Und da hat er ihr das Geheimnis enthüllt, für welches mancher von uns viel bezahlen würde.«

Die jungen Spieler verdoppelten ihre Aufmerksamkeit. Tomski brannte seine Pfeife an, machte einige Züge und fuhr fort:

»Am selben Abend erschien meine Großmutter in Versailles – au jeu de la reine. Die Bank wurde vom Herzog von Orleans gehalten; der Form wegen entschuldigte sich meine Großmutter, daß sie ihre Schuld nicht schon sofort begleichen könnte, ersann deshalb zu ihrer Rechtfertigung eine kleine Geschichte und fing dann an, gegen ihn zu setzen. Sie wählte drei Karten und setzte eine nach der anderen, jede der drei Karten bekam Senika2 und zum Schluß hatte meine Großmutter alles wieder zurückgewonnen.«

»Ein Zufall!« sagte einer der Gäste.

»Märchen!« versetzte Hermann.

»Waren wohl erkennbar, die Karten!« bestärkte ein dritter.

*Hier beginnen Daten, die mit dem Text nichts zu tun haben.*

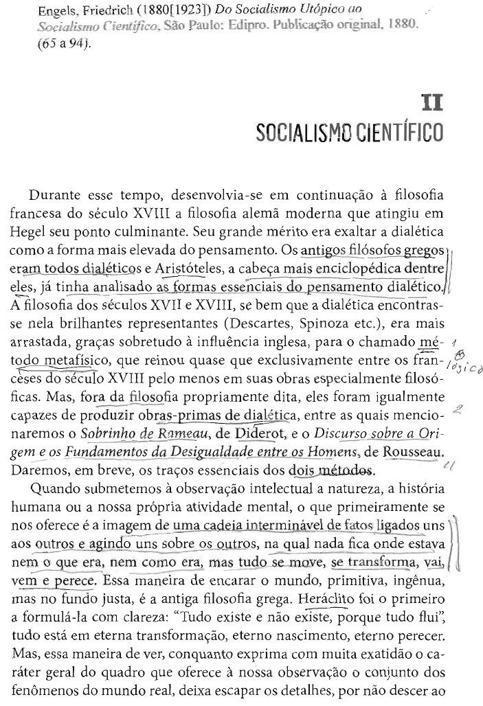 Engels, Friedrich (1880[1923]) Do Socialismo Utópico ao Socialismo São Paulo: Edipro. Publicação original, 1880. (65 a 94). II SOCIALISMO CIENTÍFICO Durante esse tempo, desenvolvia-se em continuação à filosofia francesa do século XVIII a filosofia alemã moderna que atingiu em Hegel seu ponto culminante. Seu grande mérito era exaltar a dialética como a forma mais elevada do pensamento. Os antigos filósofos gregos eram todos dialéticos e Aristóteles, a cabeça mais enciclopédica dentre eles, já tinha analisado as formas essenciais do pensamento dialético. A filosofia dos séculos XVII e XVIII, se bem que a dialética encontras- se nela brilhantes representantes (Descartes, Spinoza etc.), era mais arrastada, graças sobretudo à influência inglesa, para o chamado mé- 1 todo metafísico, que reinou quase que exclusivamente entre os fran- ceses do século XVIII pelo menos em suas obras especialmente filosó- ficas. Mas, fora da filosofia propriamente dita, eles foram igualmente capazes de produzir obras-primas de dialética, entre as quais mencio- naremos o Sobrinho de Rameau, de Diderot, e o Discurso sobre a Ori- gem e os Fundamentos da Desigualdade entre os Homens, de Rousseau. Daremos, em breve, os traços essenciais dos dois métodos. Quando submetemos à observação intelectual a natureza, a história humana ou a nossa própria atividade mental, que primeiramente se nos oferece é a imagem de uma cadeia interminável de fatos ligados uns aos outros e agindo uns sobre os outros, na qual nada fica onde estava nem o que era, nem como era, mas tudo se move, se transforma, vai, vem e perece. Essa maneira de encarar mundo, primitiva, ingênua, mas no fundo justa, é a antiga filosofia grega. Heráclito foi primeiro a formulá-la com clareza: "Tudo existe e não existe, porque tudo flui", tudo está em eterna transformação, eterno nascimento, eterno perecer. Mas, essa maneira de ver, conquanto exprima com muita exatidão ca- ráter geral do quadro que oferece à nossa observação conjunto dos fenômenos do mundo real, deixa escapar os detalhes, por não descer aoLocke a 66 seu estudo especial. Entretanto, enquanto não estivermos em condições de apreender esses detalhes, não teremos uma ideia clara do quadro geral que se desenrola sob nossas Para conhecer esses detalhes, seremos obrigados a destacá-los de sua conexão natural ou histórica e examiná-los um por um, segundo suas qualidades, suas causas e seus efeitos particulares. É esse o problema das ciências naturais e históricas. Essas ciências especiais não podiam, por motivos óbvios, ocupar o pri- meiro lugar entre os gregos dos tempos clássicos, pois, antes de tudo, era necessário preparar a documentação dos fatos. Os primórdios das ciências naturais exatas foram elaborados pelos gregos do período e mais tarde pelos árabes da Idade Mé- dia. A verdadeira ciência natural data da segunda metade do século XV e progrediu, desde então, com crescente rapidez. A decomposição da natureza em suas partes integrantes, a separação dos diferentes fenôme- nos e objetos naturais em categorias distintas, o estudo aprofundado dos corpos orgânicos na variedade de suas formas anatômicas, tais foram as condições essenciais dos progressos gigantescos que os quatro últimos séculos realizaram no conhecimento da natureza. Mas esse método de trabalho nos legou o hábito de estudar os objetos e os fenômenos natu- rais isoladamente, fora das relações recíprocas que os ligam em um gran- de todo, isto é, não em seu movimento, mas em seu repouso, não como essencialmente variáveis, mas como essencialmente constantes, não em sua vida, mas em sua morte. E quando aconteceu, graças a Bacon e a Locke, que esse hábito de trabalho passasse das ciências naturais para a filosofia, produziu-se a estreiteza peculiar aos últimos séculos: o mé- todo metafísico. A dialética se opõe à metafísica Para o metafísico, as coisas e os seus reflexos intelectuais, as noções, são fatos isolados, devendo ser considerados uns após outros, uns sobre 1. Período da história grega durante o qual Alexandria (Egito) tornou-se não só a capital do reino dos Ptolomeus, fundado em 323 a.C., mas a metrópole intelectual e comercial do mundo oriental. 2. Francis Bacon (1561-1626), chanceler da Inglaterra e filósofo, contribuiu grandemente com o seu Novum Organum, para introduzir o método experimental e indutivo. John Locke (1632-1704) combateu as ideias inatas e colocou na experiência dos sentidos a origem de todos os nossos conhecimentos.67 os outros; objetos invariáveis, fixos, imóveis, dados uma vez por todas. Pensa por antíteses desprovidas de todo meio termo; afirma e nega; tudo o que está além é sem valor. Para ele, uma coisa existe ou não existe; uma coisa não pode ser ao mesmo tempo ela própria e outra diferente dela. O negativo e positivo se excluem absolutamente. Causa e efeito estão em direta e recíproca oposição. Essa maneira de ver nos parece, à primeira vista, extremamente plausível, porque é a do senso comum. Este senso comum, companhei- ro muito respeitável enquanto permanece calafetado em seu buraco ca- vado para uso próprio, encontra aventuras bem divertidas quando se embrenha no extenso mundo da ciência. E método metafísico, por mais justificado e necessário que seja em numerosos domínios mais ou menos extensos segundo o objeto da análise, chega, cedo ou tarde, a um limite além do qual se torna parcial, limitado e abstrato, perdendo-se em contradições insolúveis. Na contemplação dos fatos isolados, ele esque- ceu suas relações recíprocas; na de sua existência, esquece seu desenvol vimento e seu parecer; na do repouso, esquece o movimento; à força de ver as árvores, não vê mais a floresta. Podemos dizer com bastante exatidão, pelas necessidades de todos os dias, se um animal existe ou não. Mas uma pesquisa mais profunda nos faz ver que muitas vezes esse problem

»Ich glaube nicht«, sagte Tomski nachdrücklich.

»Was!« sagte Narumoff, »du hast eine Großmutter, die nach der Reihe drei Karten errät, und hast dir bis jetzt noch nicht ihre Kabbalistik zu eigen gemacht?«

»Hol's der Teufel!« antwortete Tomski. »Sie hatte vier Söhne, einer von ihnen war mein Vater; alle waren tolle Spieler, aber keinem von ihnen hat sie ihr Geheimnis entdeckt, obgleich es ihnen doch nur zum Vorteil sein konnte und ebenso mir. Und dennoch erzählte mir mein Onkel, der Graf Iwan Iljitsch, eine Geschichte, die er mit seinem Ehrenworte bekräftigte. Der verstorbene Tschaplitzki, jener selbe, der als Bettler starb, nachdem er Millionen durchgebracht, hatte einmal, als er noch jung war, gegen dreihunderttausend Rubel verspielt, ich glaube an Soritsch. Er war verzweifelt. Meine Großmutter, welche sonst den Leichtsinn junger Leute sehr streng verurteilte, muß wohl mit ihm Mitleid gehabt haben. Nachdem sie ihm das Ehrenwort abgenommen hatte, nie wieder zu spielen, gab sie ihm drei Karten, die er eine nach der anderen setzen sollte. Alsdann suchte Tschaplitzki seinen siegreichen Partner auf; sie fingen an zu spielen. Auf die erste Karte setzte Tschaplitzki Fünfzigtausend und gewann Senika; bot Paroli, dann Doppelparoli – und gewann nicht nur alles zurück, sondern auch noch mehr ...«

»Allein es ist Zeit, schlafen zu gehen, schon ist es drei Viertel auf sechs.«

Tatsächlich dämmerte es schon. Die jungen Leute leerten ihre Gläser und fuhren nach Hause.

1 Paroli: Die Verdoppelung des liegenden Einsatzes für das nächste Spiel

2 Senika: Die im Spiel erforderliche passende Karte.